→ Required action
Copy word for word the lines of the records below, beginning at the one with "One side of" and finishing at the one with "亚冠积分榜:中超冠军海港5轮仅积1分,继续排名东亚区垫底", ends included, but none of the pictures.

→ Data for analysis

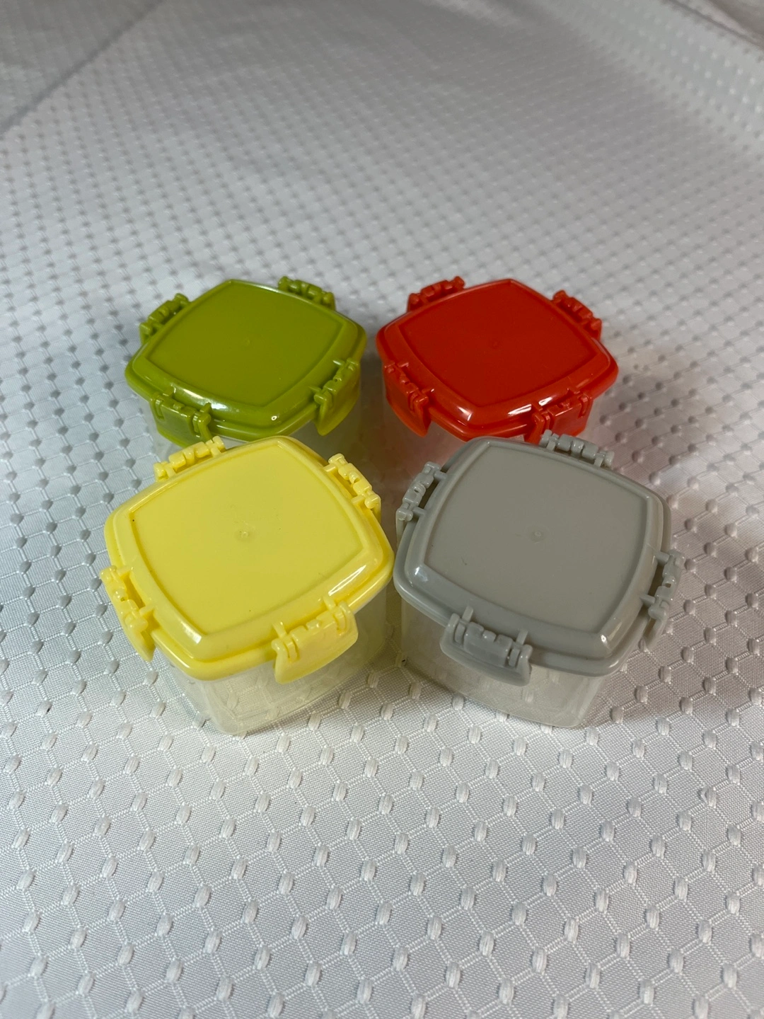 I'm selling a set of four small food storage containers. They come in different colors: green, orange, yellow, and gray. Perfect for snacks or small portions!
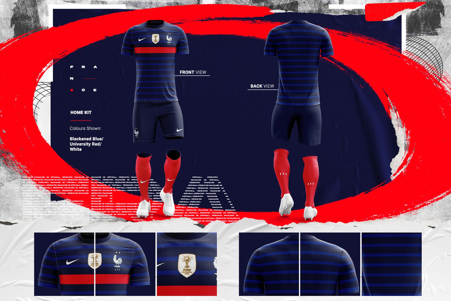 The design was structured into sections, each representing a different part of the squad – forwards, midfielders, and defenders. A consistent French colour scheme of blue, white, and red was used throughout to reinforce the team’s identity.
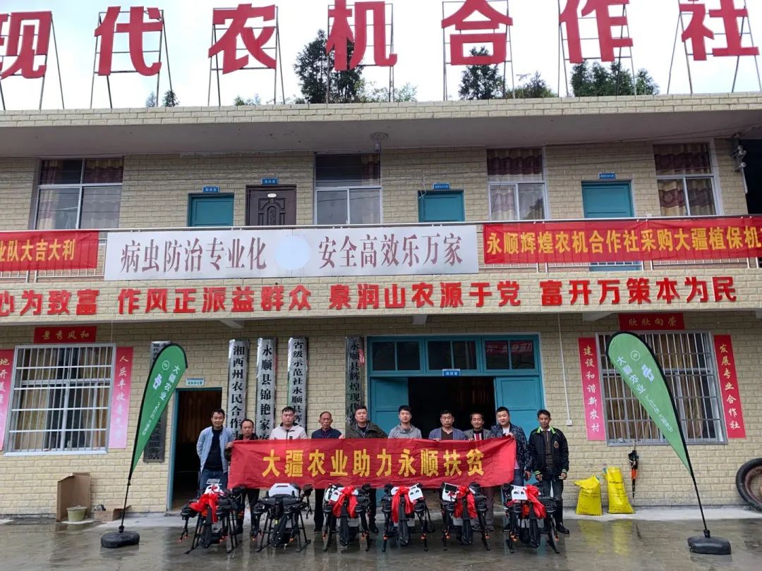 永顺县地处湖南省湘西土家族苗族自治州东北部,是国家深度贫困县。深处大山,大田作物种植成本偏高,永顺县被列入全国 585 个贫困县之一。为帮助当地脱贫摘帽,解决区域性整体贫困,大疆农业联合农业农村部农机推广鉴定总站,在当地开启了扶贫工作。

...

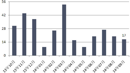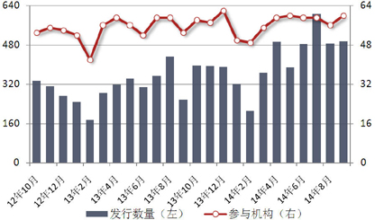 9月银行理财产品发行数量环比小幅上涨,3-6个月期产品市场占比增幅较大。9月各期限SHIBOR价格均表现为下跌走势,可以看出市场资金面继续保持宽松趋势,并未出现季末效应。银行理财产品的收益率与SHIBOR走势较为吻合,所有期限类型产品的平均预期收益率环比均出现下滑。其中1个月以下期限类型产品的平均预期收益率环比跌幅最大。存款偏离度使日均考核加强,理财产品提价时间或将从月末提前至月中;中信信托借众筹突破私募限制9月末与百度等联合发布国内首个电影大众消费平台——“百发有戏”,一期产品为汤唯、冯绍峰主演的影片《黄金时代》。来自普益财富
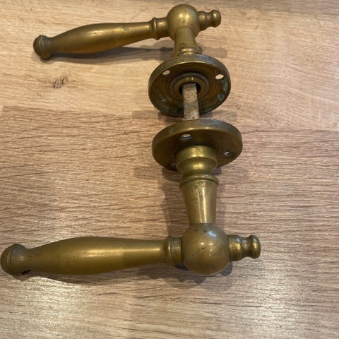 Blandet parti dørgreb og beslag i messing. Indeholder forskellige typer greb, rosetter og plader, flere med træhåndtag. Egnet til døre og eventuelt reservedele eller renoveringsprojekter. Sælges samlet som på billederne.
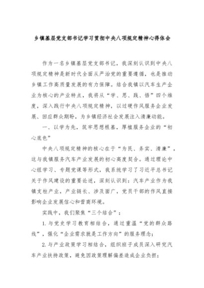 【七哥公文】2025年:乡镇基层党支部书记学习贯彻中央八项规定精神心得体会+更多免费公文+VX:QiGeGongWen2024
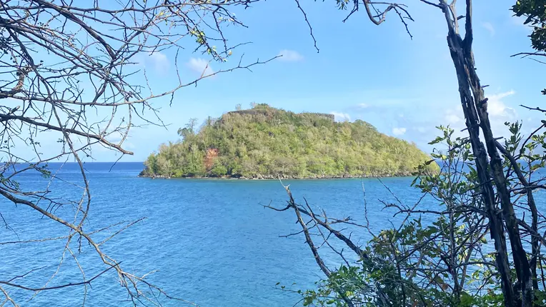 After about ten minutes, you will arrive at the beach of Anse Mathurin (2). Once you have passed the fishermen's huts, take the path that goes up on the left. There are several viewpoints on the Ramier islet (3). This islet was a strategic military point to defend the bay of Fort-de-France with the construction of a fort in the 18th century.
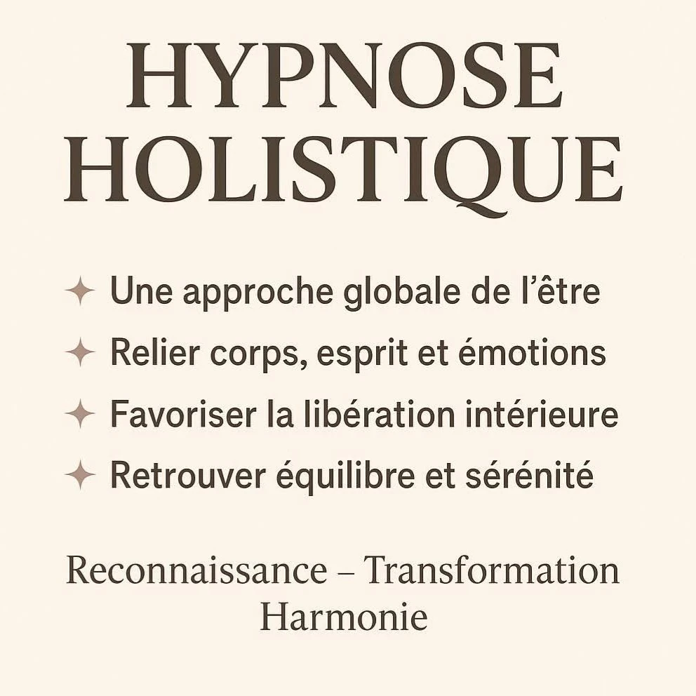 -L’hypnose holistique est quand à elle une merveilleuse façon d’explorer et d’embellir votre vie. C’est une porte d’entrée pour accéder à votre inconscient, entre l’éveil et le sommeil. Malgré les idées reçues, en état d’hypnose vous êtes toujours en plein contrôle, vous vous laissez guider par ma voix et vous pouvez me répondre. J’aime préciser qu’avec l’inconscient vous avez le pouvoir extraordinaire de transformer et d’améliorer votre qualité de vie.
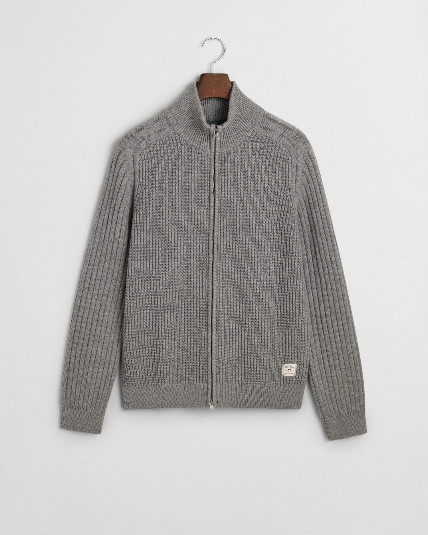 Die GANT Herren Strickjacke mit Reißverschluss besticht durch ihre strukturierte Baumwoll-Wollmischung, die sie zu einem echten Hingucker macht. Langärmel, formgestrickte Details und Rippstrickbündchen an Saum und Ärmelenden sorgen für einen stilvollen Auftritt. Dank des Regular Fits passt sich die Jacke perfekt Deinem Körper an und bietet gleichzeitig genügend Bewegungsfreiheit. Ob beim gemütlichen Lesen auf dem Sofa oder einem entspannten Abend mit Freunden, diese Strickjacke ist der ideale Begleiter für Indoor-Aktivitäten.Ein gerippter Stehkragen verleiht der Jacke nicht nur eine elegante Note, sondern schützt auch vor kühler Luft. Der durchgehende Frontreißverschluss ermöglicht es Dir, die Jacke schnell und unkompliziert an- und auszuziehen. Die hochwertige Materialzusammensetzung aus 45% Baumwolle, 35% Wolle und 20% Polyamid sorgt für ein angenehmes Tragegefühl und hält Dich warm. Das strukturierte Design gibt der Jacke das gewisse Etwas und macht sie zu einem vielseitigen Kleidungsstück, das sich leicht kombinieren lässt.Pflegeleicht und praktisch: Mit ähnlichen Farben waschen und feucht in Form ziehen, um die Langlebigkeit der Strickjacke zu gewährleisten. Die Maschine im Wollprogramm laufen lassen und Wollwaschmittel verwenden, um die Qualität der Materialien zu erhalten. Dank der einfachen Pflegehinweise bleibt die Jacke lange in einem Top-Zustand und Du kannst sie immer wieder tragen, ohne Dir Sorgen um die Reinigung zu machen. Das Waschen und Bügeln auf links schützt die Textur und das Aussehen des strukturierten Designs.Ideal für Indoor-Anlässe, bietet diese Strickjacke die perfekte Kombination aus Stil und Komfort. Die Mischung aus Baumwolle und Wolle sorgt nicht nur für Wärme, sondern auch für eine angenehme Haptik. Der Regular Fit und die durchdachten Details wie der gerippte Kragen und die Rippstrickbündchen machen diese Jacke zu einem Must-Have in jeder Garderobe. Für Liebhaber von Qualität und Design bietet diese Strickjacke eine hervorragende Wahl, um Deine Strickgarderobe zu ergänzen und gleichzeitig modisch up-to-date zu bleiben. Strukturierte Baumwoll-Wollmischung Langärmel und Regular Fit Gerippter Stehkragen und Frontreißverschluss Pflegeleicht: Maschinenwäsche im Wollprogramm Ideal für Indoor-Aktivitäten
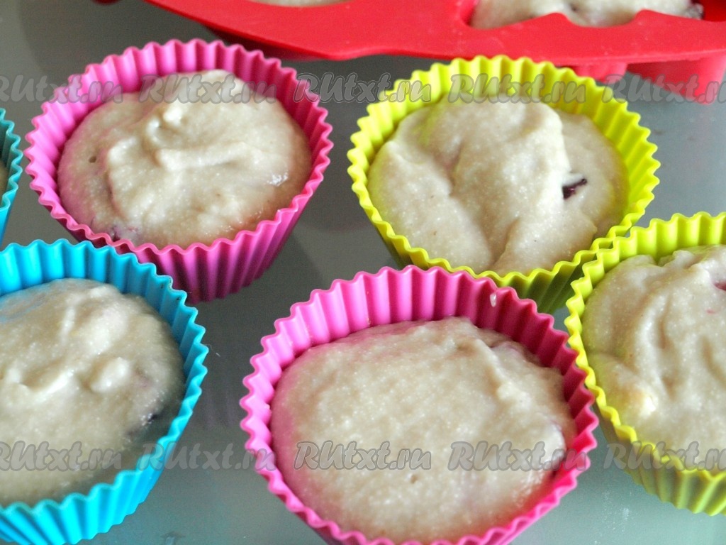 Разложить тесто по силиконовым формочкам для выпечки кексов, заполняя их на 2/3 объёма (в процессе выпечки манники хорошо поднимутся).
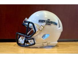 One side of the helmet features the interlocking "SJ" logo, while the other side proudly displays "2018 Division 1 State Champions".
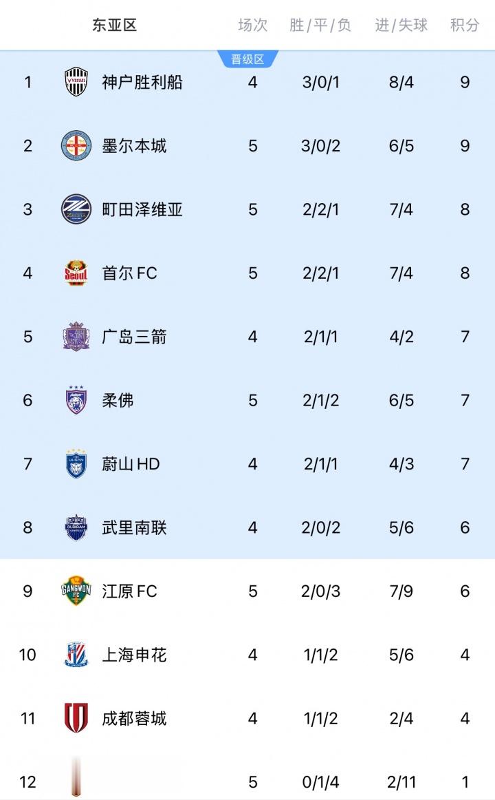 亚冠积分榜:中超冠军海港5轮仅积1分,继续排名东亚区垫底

→ Written answer
 One side of the helmet features the interlocking "SJ" logo, while the other side proudly displays "2018 Division 1 State Champions".
 亚冠积分榜:中超冠军海港5轮仅积1分,继续排名东亚区垫底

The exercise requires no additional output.